The researchers used a GoogLeNet CNN with a Caffe deep-learning framework that had been pretrained on more than 1 million images from the ImageNet database before encountering the radiographs used in the study. In testing, the CNN correctly identified the presence of an effusion in 76 (95%) of the 80 images (confidence level = 94% ± 5%).

"Interestingly, all false negatives were originally 'small left effusions' that were misclassified by the [deep CNN] to be 'no left effusion,' " Kanesa-thasan said.

The researchers noted that there is still room for improvement in characterizing the size of effusions -- particularly small and moderate ones.
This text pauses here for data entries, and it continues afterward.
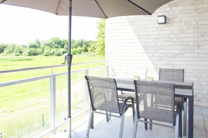 Die ca. 68 m² große Ferienwohnung ist liebevoll und modern eingerichtet. Sie verfügt über ein Wohnzimmer, eine Küche, zwei Schlafzimmer, ein Badezimmer sowie einen Balkon. Die Strandentfernung beträgt ca. 200 Meter.
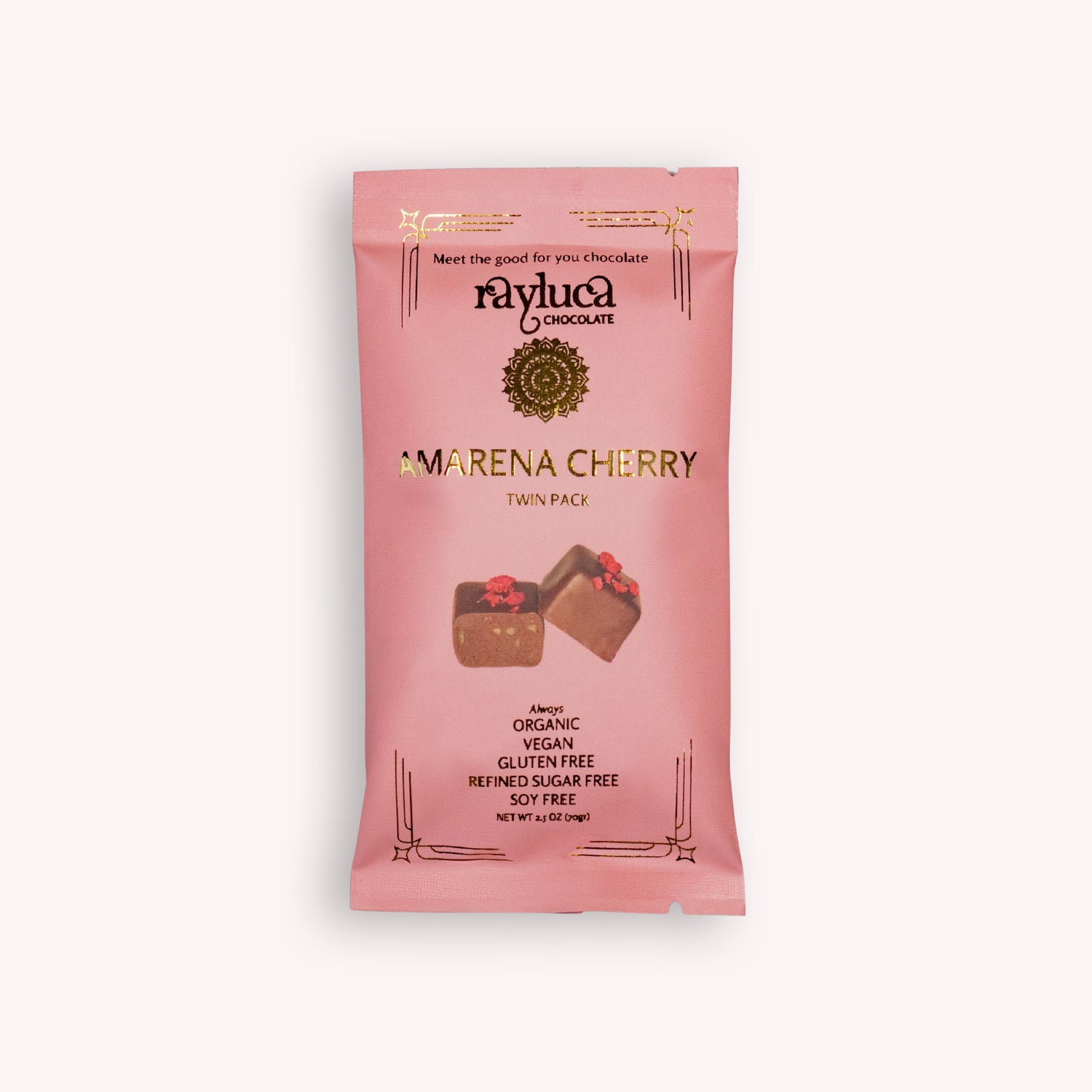 Organic 70% Dark Belgian chocolate ganache blended infused in pure Amarena Cherry Paste imported from Italy and notes of fine chopped pecans for a truly decadent experience. Garnished with dried raspberries, everything blends perfectly.
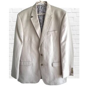 Chaps Linen Blend Cream Sport Coat Blazer Notched Lapel Modern Cut Mens 46L Tall
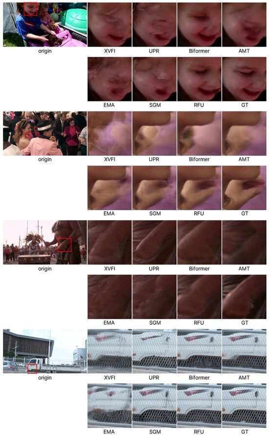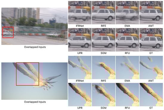 Figure 6 presents results for low-resolution videos with large motion. Unlike Figure 5, in which a model designed for 4K resolution is used, this comparison includes algorithms that are not specifically focused on 4K [24,25]. The large image on the left overlays the two input images to illustrate the extent of motion, and the regions of overlapped inputs highlighted by red boxes are displayed on the right. In the first image, while existing models show a significant distortion of the structure of the car, our proposed model presents results that closely resemble the ground truth. In the second video, we can observe large motion as a bird flaps its wings. Other models encounter issues such as missing or duplicated wings, whereas our proposed model accurately represents the wings as a single object. This demonstrates that our approach is not only effective at 4K resolution but also robust in handling videos with large motion.
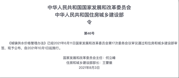 經(jīng)過(guò)一年多的期盼,就在剛剛,國(guó)家發(fā)改委通過(guò)其官網(wǎng)正式對(duì)外公布新修訂的《城鎮(zhèn)供水價(jià)格管理辦法》
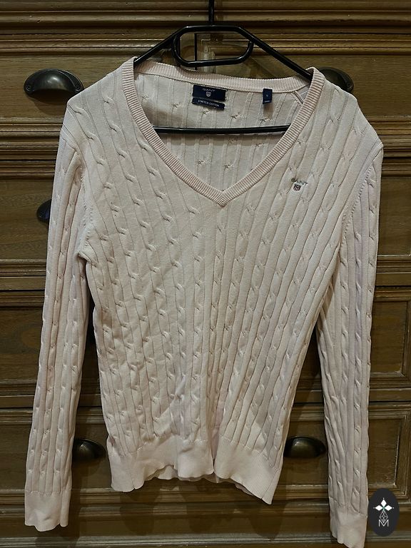 Свитер типа oversize, подойдет до XL. В жизни нежно-розовый цвет, настоящий цвет не удалось поймать.
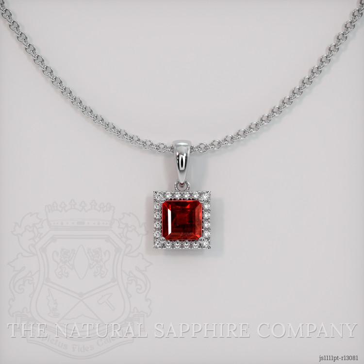 The pendant features a beautiful, transparent 0.40 carat princess shape red ruby with the dimensions of 3.95 x 3.94 x 2.46 mm and a princess cut. It has a clarity grade of very slightly included (evaluated at eye level), vivid color saturation, and an excellent polish. Enhancement: heat treated. The origin of this ruby is Madagascar.
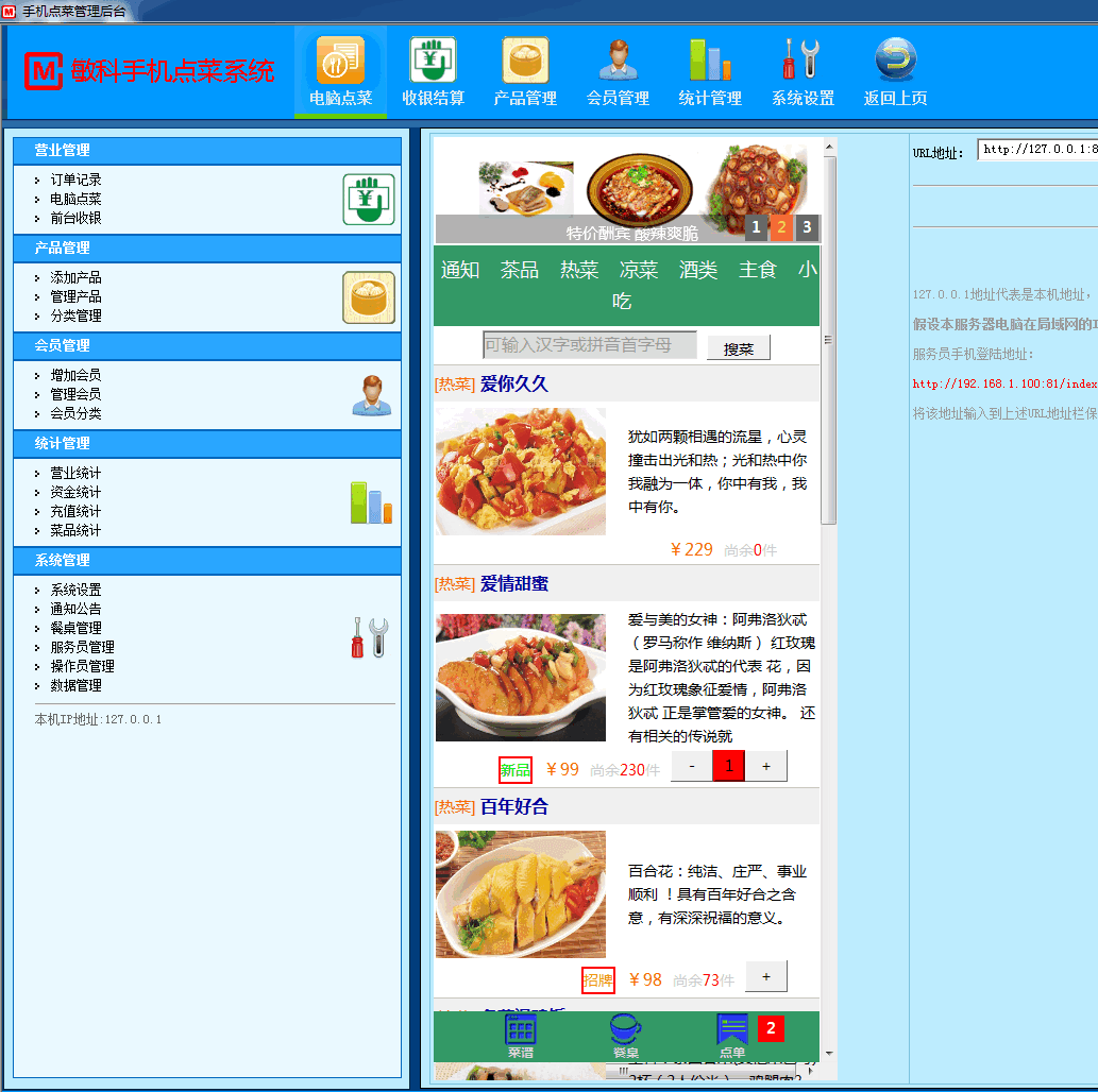 敏科手机点菜系统是一款餐厅手机点菜软件。软件具有收银结算的功能,可以记录下来怎样收款的,资金的流动方向;可以统计报表,并且打印下来交给领导;具有会员管理的功能;后厨小票自动打印功能等等,简单实用,值得期待!

Algorithm performance by size of pleural effusion
	Large effusions	Moderate effusions	Small effusions
Sensitivity	100%	92%	72%
Specificity	98%	99%	99%

"Additionally, we noticed that threshold cases -- between small and moderate or between moderate and large -- were more challenging for the CNN, although those would be tough for humans as well," she said.

Laterality issues

With regards to laterality, the CNN initially determined right- versus left-sided pathology correctly in only 71 (89%) of the effusions. Of the nine incorrect answers, seven were actually large right pleural effusions that were misclassified by the CNN as large left pleural effusions.

"Ultimately, we were able to achieve 100% accuracy for identification of laterality by discontinuing 'horizontal flipping,' a method we had initially used to augment our training dataset," she said.

In future work, the researchers would like to increase the sample size of radiographs, experiment with other deep-learning networks, and develop their statistics to incorporate area-under-the-curve data, Kanesa-thasan said.

"[We] would [also] like to incorporate additional findings that are commonly seen on chest radiographs (a limitation of our study is that it only focuses on effusions) and work toward combining this with other projects in the department," she said.